If you want to avoid loneliness in your 70s and beyond, say goodbye to these 9 habits

Avatar by Lachlan Brown | April 21, 2025, 4:36 pm

Getting older doesn’t have to mean feeling alone. Yet a 2023 national poll found that more than a third of adults over 50 reported feeling lonely or socially isolated at least some of the time. Women, people in poorer health, and those living alone felt it most.

Loneliness isn’t just a mood, either—long‑running studies link it to higher risks of disability, dementia, and even early death.

The good news? Much of the slide into isolation starts with everyday habits—little things we do (or don’t do) that slowly shrink our social world.

Drop the nine habits below and you’ll keep the door open to friendships, purpose, and joy well past 70.

1. Always saying “maybe next time”

When a neighbour invites you for coffee or a grand‑child begs you to watch their soccer game, a polite “maybe” feels harmless.

But constant rain‑checks train people to stop asking. The fix: give clear yeses and nos.

If you truly can’t make it, suggest a specific alternative (“I’m tied up Tuesday, but how about Friday at 10?”).

Invitations are social currency—spend them or lose them.

2. Letting fear of falling keep you indoors

Many older adults limit outings because they worry about tripping on stairs or uneven sidewalks.

Research shows that this fear alone raises the risk of isolation and poor mental health—even if you never actually fall.

Swap the shut‑in habit for practical safety: sturdy shoes, a cane if you need it, and balance‑building exercises. Confidence builds connection.

3. Treating technology like it’s “not for me”

Video calls, group texts, and online forums are lifelines when friends live far away or mobility is limited.

Write down step‑by‑step instructions, ask a teen to coach you, or join a free digital‑skills class at the library.

The goal isn’t to become a programmer—it’s to make clicking “Join meeting” feel as normal as answering a land‑line.

4. Sitting still all day

Long hours in an armchair chip away at both body and mood.

A 2024 health roundup listed weak social ties and a sedentary routine side‑by‑side as risks for faster brain aging.

You don’t need a marathon medal; a 20‑minute walk, gentle tai‑chi, or water aerobics class clocks movement and conversation at the same time.

Motion attracts company.

5. Relying only on family for company

It’s wonderful when adult children and grand‑kids visit, but their schedules are unpredictable.

If they’re your sole social outlet, gaps appear fast. Cultivate “chosen family”: neighbours who drop off soup, book‑club pals, the guy from pickleball who always makes you laugh.

Multiple circles mean someone is free when others are busy.
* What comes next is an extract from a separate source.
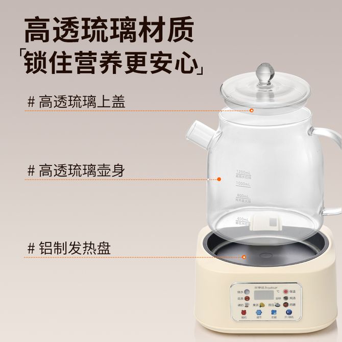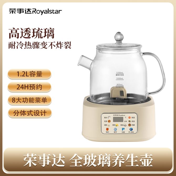荣事达/Royalstar 全玻璃养生壶 1.2L 电水壶办公室多功能电热水壶家用智能保温花茶壶煮茶壶 1.2L容量 高透琉璃 定时烹煮 智能面板 8大功能菜单 24小时预约 兑换价格 7800 里程 会员卡别 终身白金卡 白金卡 金卡 银卡 普通卡 儿童卡 服务 由 广西桂福礼供应链管理有限公司 发货并提供售后 颜色: 其他 购买数量: 件 库存件 配送地址: 立即购买 加入购物车 成功添加到购物车 关闭 购物车共有 种商品 总金额为:

6. Shelving old hobbies instead of renewing them

Passions give people a reason to gather. Loved to paint, play chess, or garden back in the day? Dust it off. Can’t kneel in the flowerbed anymore? Volunteer to run the club newsletter instead.

Organisations from senior centres to Meet‑up groups actively recruit experienced members—to teach newcomers and keep traditions alive.

7. Doom‑scrolling the news

Staying informed is fine, but endless headlines about crises can nudge you into pessimism and avoidance—two fast lanes to loneliness.

Limit news checks to set windows (say, breakfast and early evening) and balance them with uplifting podcasts, comedy specials, or music you can’t help but hum along to. Positive inputs spark positive outreach.

8. Thinking pets are “too much trouble”

Caring for a dog, cat, or even a low‑maintenance fish creates daily structure and companionship.

Studies show pets improve both physical and mental health in older adults, partly by nudging owners to talk to neighbours on walks or at the vet.

Not ready for full‑time ownership? Offer to pet‑sit for friends or volunteer at an animal shelter.

9. Brushing off mental‑health check‑ups

Sadness, anxiety, or grief after retirement or a partner’s death can make socialising feel pointless.

Ignoring those feelings doesn’t make them disappear—it makes you withdraw.

A chat with a counsellor, peer‑support group, or faith leader can break the spiral early.

Remember: seeking help is a sign of self‑respect, not weakness.

Wrap‑up: connection is a practice

Loneliness rarely arrives overnight. It creeps in when small habits pile up—another declined invite here, a skipped walk there—until silence feels normal.

Flip those habits and the reverse happens: each “yes,” each hobby session, each friendly text thickens the web that holds you.

Start small. Pick one habit above and tackle it this week. When that change feels natural, choose another.

Over time you’ll build a lifestyle where laughter, purpose, and familiar faces are woven into every day—no matter how many candles are on the cake.